Ovarian cancer's stealthy onset makes it far more worrisome than its prevalence would indicate. There are 22,000 cases diagnosed each year, and a woman's lifetime risk of ovarian cancer is about 1 in 70. That compares with a 1 in 8 lifetime risk of breast cancer. “It's an infrequent disease,” says Dr. Carmel J. Cohen, professor of gynaecology at the Mount Sinai School of Medicine in New York and co-chairman of the Ovarian Cancer Research Fund.
But compared with breast cancer, the risk of dying of ovarian cancer hasn't improved much in the past 30 years. From the late 1970s to today, the five-year survival rate for breast cancer rose from 75 per cent to 89 per cent. In that time, five-year survival rates for ovarian cancer went from 38 per cent to 46 per cent today.
In the past decade, the ovarian cancer mortality rate has stayed the same, even as breast cancer mortality has dropped by about two per cent a year.
The elusive goal for ovarian cancer is a simple test, like the Pap test for cervical cancer, that would find the disease early enough for it to be cured. Cervical cancer has known precursors abnormal cells that show up years before cancer develops. And the annual Pap can find them. It's not perfect, but if a woman has a Pap every year, even if the precursors are missed one year they'll almost certainly show up the next - long before the eight to 10 years it takes for the cells to develop into cervical cancer.
If ovarian cancer has similar precursors, they are hidden in the ovaries, and medicine hasn't learned how to get at them for routine screening. So women and their doctors remain unaware of the disease as it develops into Stage 1 cancer and beyond.
”In the first stage, ovarian cancer can be cured 95 per cent of the time,” says Dr Robert Morgan, oncologist and researcher at the City of Hope National Medical Center. But fewer than 20 per cent of women find it that early.

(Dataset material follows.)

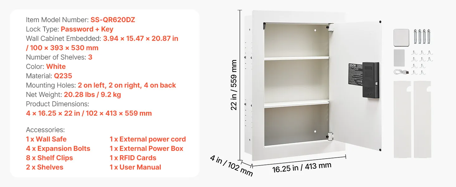 VEVOR Cassaforte a Muro da 102 x 413 x 559 mm con Password e Chiave, Alloggiamento Integrato in Acciaio Laminato a Freddo Q235 con Ripiani Regolabili e Illuminazione a LED, per Denaro, Gioielli

So far, the only test for ovarian cancer is the CA125 test, a blood test that measures a protein found in greater concentration in ovarian cancer cells than in other cells. But as a screening tool, the test is not specific enough. About 20 per cent of women with ovarian cancer don't have an elevated CA125 count at the time of diagnosis. And of those who do have a high count, only about two per cent have ovarian cancer.

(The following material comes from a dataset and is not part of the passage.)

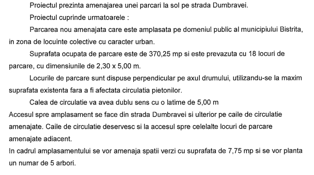 Pe strada Dumbravei, noua parcare va fi amenajată tot în locului unui fost punct termic demolat de Primăria Bistrița. Aceasta va avea un număr de 18 locuri de parcare, vor fi amenajate spații verzi și se vor planta 5 arbori. Valoarea investiției este de 637.000 de lei.

Combined with an ultrasound examination of the ovaries, the test can be useful for women at high risk for ovarian cancer those with a family history of the disease; who carry the BRCA1 or BRCA2 gene; or who have had breast cancer. But even then, the test provides only short-term reassurance. And so use of the CA125 test is limited largely to monitoring women who know they have ovarian cancer to see how well chemotherapy is controlling the spread of the disease.

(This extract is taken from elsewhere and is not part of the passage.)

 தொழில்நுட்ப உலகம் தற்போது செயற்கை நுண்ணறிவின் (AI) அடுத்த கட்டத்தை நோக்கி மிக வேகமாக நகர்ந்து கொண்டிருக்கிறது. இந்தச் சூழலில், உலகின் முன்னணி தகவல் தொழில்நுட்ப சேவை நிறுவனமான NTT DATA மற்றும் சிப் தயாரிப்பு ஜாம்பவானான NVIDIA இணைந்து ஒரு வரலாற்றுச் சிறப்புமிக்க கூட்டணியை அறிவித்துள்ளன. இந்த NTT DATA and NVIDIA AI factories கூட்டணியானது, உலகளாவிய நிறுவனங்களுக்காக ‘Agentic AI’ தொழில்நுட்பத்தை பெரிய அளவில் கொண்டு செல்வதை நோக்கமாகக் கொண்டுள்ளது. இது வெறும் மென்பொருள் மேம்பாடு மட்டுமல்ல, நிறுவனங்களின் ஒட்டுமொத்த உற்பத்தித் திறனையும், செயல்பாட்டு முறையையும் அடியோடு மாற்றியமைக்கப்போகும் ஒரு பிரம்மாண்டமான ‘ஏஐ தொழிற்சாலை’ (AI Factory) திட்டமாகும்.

There have been disappointments in the search for a better test. A few years ago, a test called OvaCheck offered great promise, only to fall flat as experts questioned its ability to test women outside a laboratory setting.
The same hope and fear is percolating over a new test, OvaSure, which measures CA125 and five other proteins in the blood that are produced by a tumour or in reaction to one.
In a February study in the journal Clinical Cancer Research, the test correctly classified samples in 221 of 224 women, some of whom had ovarian cancer and others who did not. But experts say that the cancers identified were from women who already were diagnosed with ovarian cancer, and thus the test has yet to be proven as an early screening tool.
OvaSure has been available for use in doctors' offices since June without approval from the Food and Drug Administration. The test did not need such approval because of an FDA rule exempting tests handled at a single laboratory. All OvaSure samples are sent to LabCorp, the clinical laboratory company based in Burlington, N.C., that offers the test.
But in July, the Society of Gynecologic Oncologists issued a statement saying that the test needs additional research. And in September, the FDA wrote to LabCorp expressing the same concern and telling the company it does, indeed, need FDA permission before OvaSure can be marketed. The agency and the company remain in discussions.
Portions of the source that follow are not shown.